Stored dataset items
========================================
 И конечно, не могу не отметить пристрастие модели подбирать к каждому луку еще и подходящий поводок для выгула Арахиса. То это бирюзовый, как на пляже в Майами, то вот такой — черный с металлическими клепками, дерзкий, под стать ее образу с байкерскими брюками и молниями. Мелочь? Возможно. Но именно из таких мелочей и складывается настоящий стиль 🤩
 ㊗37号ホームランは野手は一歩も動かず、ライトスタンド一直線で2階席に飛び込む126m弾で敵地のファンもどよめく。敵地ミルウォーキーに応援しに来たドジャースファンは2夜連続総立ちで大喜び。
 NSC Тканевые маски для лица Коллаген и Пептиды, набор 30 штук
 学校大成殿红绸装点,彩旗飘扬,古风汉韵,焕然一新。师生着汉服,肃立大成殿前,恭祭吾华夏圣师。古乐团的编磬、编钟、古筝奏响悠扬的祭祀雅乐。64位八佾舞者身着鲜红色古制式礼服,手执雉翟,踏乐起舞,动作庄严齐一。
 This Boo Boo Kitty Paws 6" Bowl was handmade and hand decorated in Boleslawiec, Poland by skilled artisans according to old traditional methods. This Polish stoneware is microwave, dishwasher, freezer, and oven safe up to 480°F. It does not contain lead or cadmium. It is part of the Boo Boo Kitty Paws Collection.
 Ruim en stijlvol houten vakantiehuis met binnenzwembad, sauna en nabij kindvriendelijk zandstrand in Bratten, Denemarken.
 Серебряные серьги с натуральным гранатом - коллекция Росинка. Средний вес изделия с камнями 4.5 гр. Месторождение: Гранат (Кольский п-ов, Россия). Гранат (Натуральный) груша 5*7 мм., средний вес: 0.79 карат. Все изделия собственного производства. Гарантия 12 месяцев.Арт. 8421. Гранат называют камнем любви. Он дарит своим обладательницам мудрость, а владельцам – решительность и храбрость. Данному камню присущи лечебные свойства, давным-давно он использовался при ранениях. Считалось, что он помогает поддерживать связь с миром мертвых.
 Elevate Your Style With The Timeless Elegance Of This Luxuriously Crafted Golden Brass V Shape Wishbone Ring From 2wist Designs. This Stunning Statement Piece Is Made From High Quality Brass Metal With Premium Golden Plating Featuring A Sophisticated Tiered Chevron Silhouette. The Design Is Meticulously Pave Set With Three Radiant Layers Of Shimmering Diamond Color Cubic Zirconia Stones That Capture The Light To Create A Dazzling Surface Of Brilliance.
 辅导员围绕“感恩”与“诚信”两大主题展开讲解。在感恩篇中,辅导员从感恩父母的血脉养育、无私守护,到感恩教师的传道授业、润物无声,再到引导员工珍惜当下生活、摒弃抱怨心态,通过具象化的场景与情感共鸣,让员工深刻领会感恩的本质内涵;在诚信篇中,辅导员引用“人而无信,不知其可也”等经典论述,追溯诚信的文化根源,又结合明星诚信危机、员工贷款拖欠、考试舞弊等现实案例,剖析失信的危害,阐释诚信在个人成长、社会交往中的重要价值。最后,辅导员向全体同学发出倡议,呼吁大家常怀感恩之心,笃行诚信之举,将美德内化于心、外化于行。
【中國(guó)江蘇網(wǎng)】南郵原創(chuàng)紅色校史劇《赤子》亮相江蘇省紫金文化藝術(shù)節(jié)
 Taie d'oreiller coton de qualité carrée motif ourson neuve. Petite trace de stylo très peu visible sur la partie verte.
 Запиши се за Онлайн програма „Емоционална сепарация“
========================================
**What the task asks:**
The reply should consist solely of the lines above from the one that has "NSC Тканевые маски" through the one that has "Серебряные серьги с", reproduced exactly.

**Written solution:**
 NSC Тканевые маски для лица Коллаген и Пептиды, набор 30 штук
 学校大成殿红绸装点,彩旗飘扬,古风汉韵,焕然一新。师生着汉服,肃立大成殿前,恭祭吾华夏圣师。古乐团的编磬、编钟、古筝奏响悠扬的祭祀雅乐。64位八佾舞者身着鲜红色古制式礼服,手执雉翟,踏乐起舞,动作庄严齐一。
 This Boo Boo Kitty Paws 6" Bowl was handmade and hand decorated in Boleslawiec, Poland by skilled artisans according to old traditional methods. This Polish stoneware is microwave, dishwasher, freezer, and oven safe up to 480°F. It does not contain lead or cadmium. It is part of the Boo Boo Kitty Paws Collection.
 Ruim en stijlvol houten vakantiehuis met binnenzwembad, sauna en nabij kindvriendelijk zandstrand in Bratten, Denemarken.
 Серебряные серьги с натуральным гранатом - коллекция Росинка. Средний вес изделия с камнями 4.5 гр. Месторождение: Гранат (Кольский п-ов, Россия). Гранат (Натуральный) груша 5*7 мм., средний вес: 0.79 карат. Все изделия собственного производства. Гарантия 12 месяцев.Арт. 8421. Гранат называют камнем любви. Он дарит своим обладательницам мудрость, а владельцам – решительность и храбрость. Данному камню присущи лечебные свойства, давным-давно он использовался при ранениях. Считалось, что он помогает поддерживать связь с миром мертвых.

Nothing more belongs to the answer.